Task statement: Shown below is a listing with pictures; reproduce exactly, and only, the lines between the ones containing "التامورا. [ اَ" and "RECCI 22.5W伸缩线10000mAh快充移动电源RPB-P47黑色", inclusive, leaving the pictures out.

Entries provided:
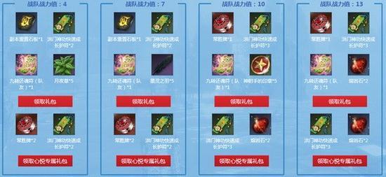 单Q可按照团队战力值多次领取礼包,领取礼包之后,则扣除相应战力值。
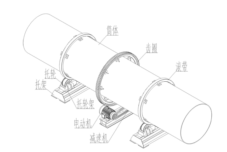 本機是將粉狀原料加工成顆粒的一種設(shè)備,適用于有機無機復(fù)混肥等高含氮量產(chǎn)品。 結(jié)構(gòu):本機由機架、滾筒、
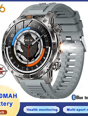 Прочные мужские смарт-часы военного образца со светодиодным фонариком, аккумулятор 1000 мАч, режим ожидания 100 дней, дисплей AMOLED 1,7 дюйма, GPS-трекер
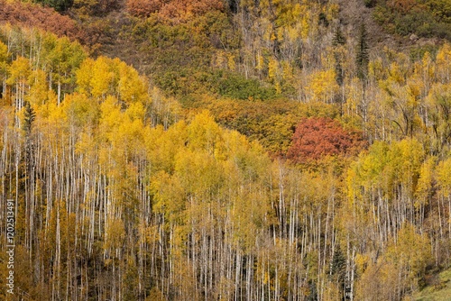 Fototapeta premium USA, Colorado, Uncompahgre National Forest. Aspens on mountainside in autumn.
...
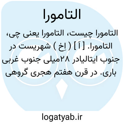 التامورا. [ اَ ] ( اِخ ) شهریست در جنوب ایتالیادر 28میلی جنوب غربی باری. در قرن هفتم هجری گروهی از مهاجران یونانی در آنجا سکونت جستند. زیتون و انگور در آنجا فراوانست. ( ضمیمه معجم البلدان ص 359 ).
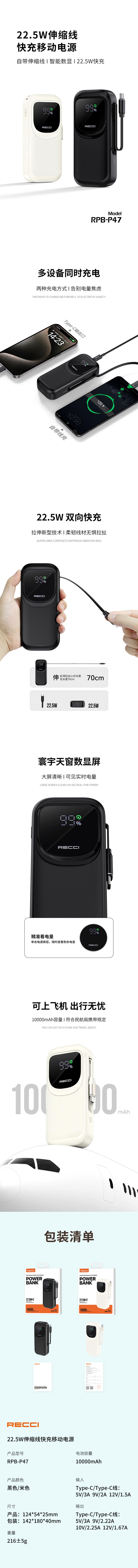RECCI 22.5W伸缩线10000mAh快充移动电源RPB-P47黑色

Answer box:
 التامورا. [ اَ ] ( اِخ ) شهریست در جنوب ایتالیادر 28میلی جنوب غربی باری. در قرن هفتم هجری گروهی از مهاجران یونانی در آنجا سکونت جستند. زیتون و انگور در آنجا فراوانست. ( ضمیمه معجم البلدان ص 359 ).
RECCI 22.5W伸缩线10000mAh快充移动电源RPB-P47黑色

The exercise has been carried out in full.